Ist dieses Gen intakt, sorgt es in den Tomaten für die vermehrte Bildung von kleinen Zellbestandteilen, den Chloroplasten. Diese verleihen unreifen Tomaten ihre grüne Farbe und sorgen für Zucker und Carotinoide. Wird die Tomate reif, verhindert das Gen aber auch eine vollständige Rotfärbung. Am Stängelansatz bleibt oft eine grüne Stelle zurück.

70 Jahre Forschung für die perfekte Tomate

Der Verbraucher schätzt aber rundum rote Tomaten. Deshalb versuchen Züchter seit mehr als 70 Jahren, ihren Tomaten ein gleichmäßiges Rot zu verleihen. Dabei wurde das jetzt identifizierte Gen in vielen modernen Sorten zerstört. Das Ergebnis: Tomaten im perfekten Rot, aber mit wenig Süße und Aroma.
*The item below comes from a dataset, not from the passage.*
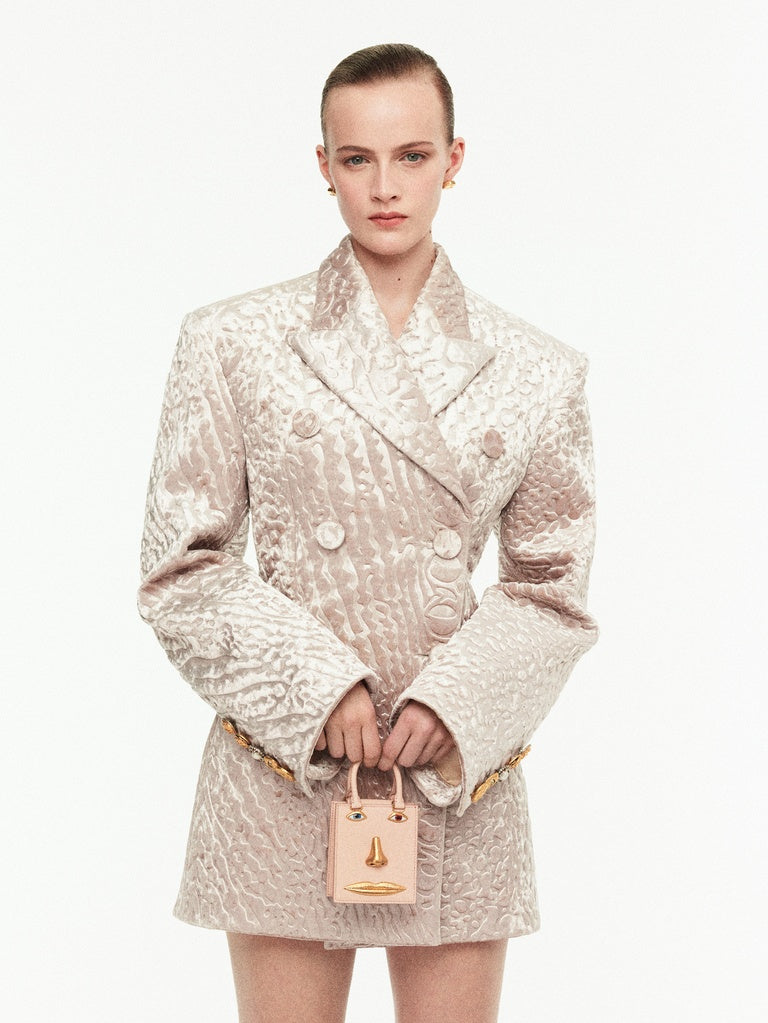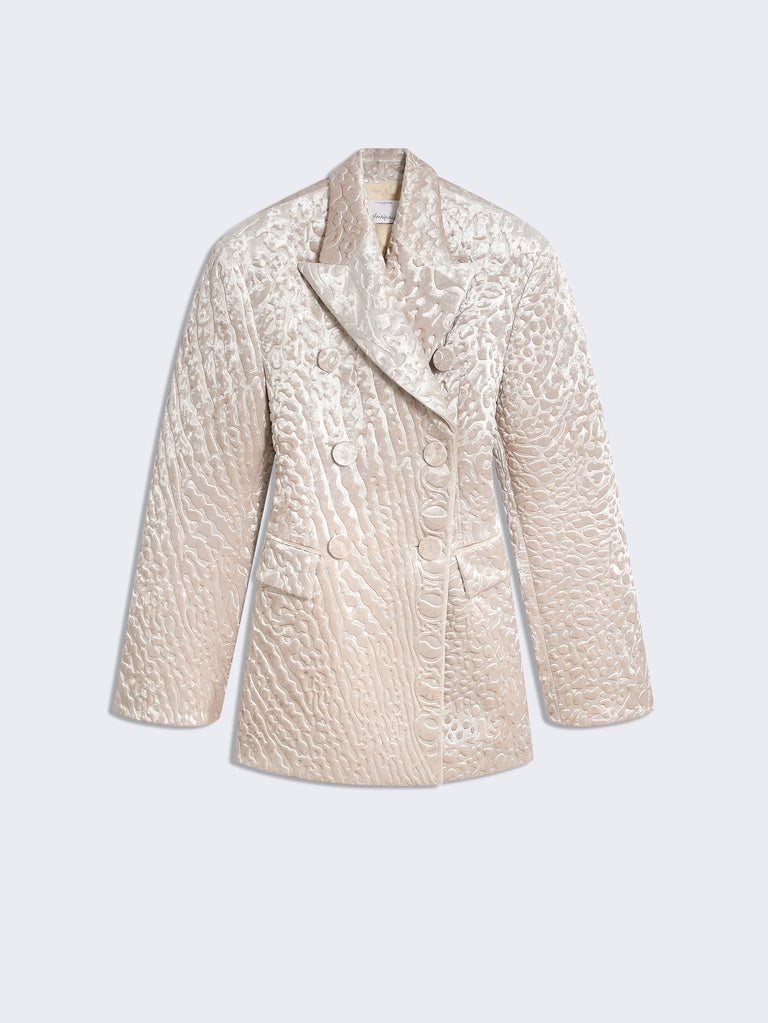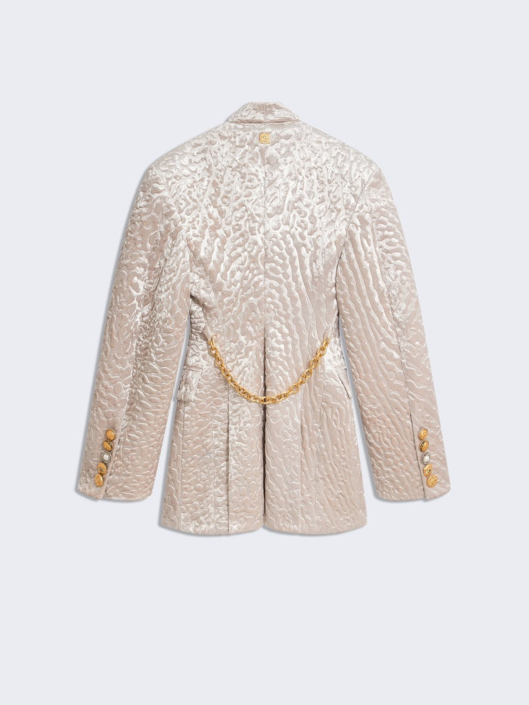 This double-breasted jacket, with its exaggeratedly wide shoulders and very cinched waist, is crafted from champagne-colored technical velvet embossed with a feather motif. It is embellished with gold jeweled buttons at the cuffs, a gold-tone metal chain at the back, and a signature Trou de Serrure rivet at the back.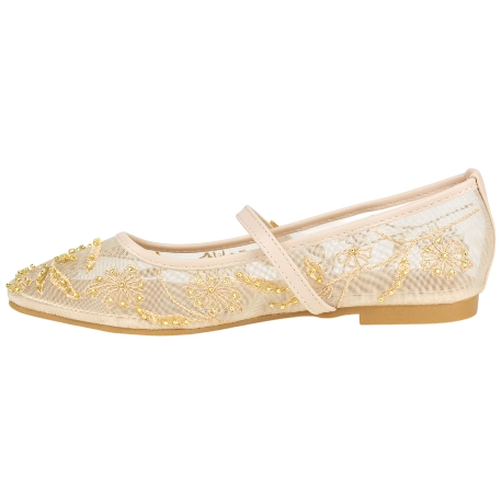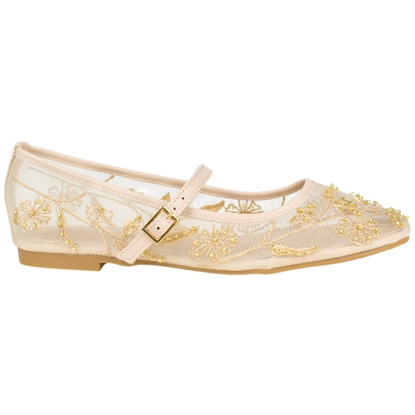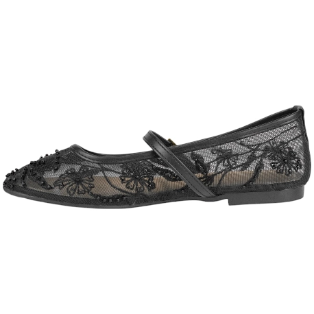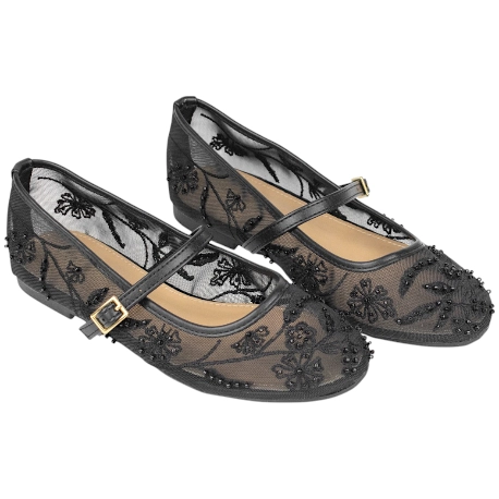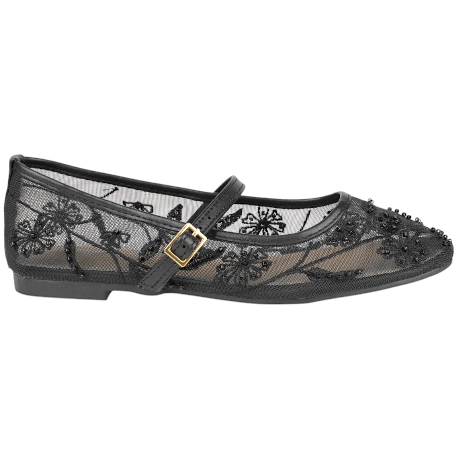 ¿Por qué elegir este modelo y no unas bailarinas más sencillas? Porque estas merceditas ofrecen un impacto visual único. El efecto de la malla transparente con los bordados y la pedrería es sofisticado y original, algo que una bailarina convencional no consigue. Te permiten tener un look de diseño, cómodo y a un precio fantástico.

Die Forscher sehen jetzt eine Möglichkeit, die Tomate genetisch so zu verändern, dass sie den Geschmack steigern, ohne jedoch die makellose Färbung einzubüßen.

Massig Vitamine aus der Dose

Unabhängig vom Geschmack gilt: Das rote Gemüse ist eine Nährstoffbombe und reich an dem Carotinoid Lycopin, das schädliche Radikale im Körper abfängt. Außerdem enthalten Tomaten beträchtliche Mengen an Kalium, Vitamin C und B-Vitaminen. Die gute Nachricht, falls die Tomate mal wieder nicht schmeckt: Nicht nur in den frischen sind die wertvollen Nährstoffe enthalten. Auch Tomatenpüree, Tomatensoße und sogar Ketchup können damit aufwarten.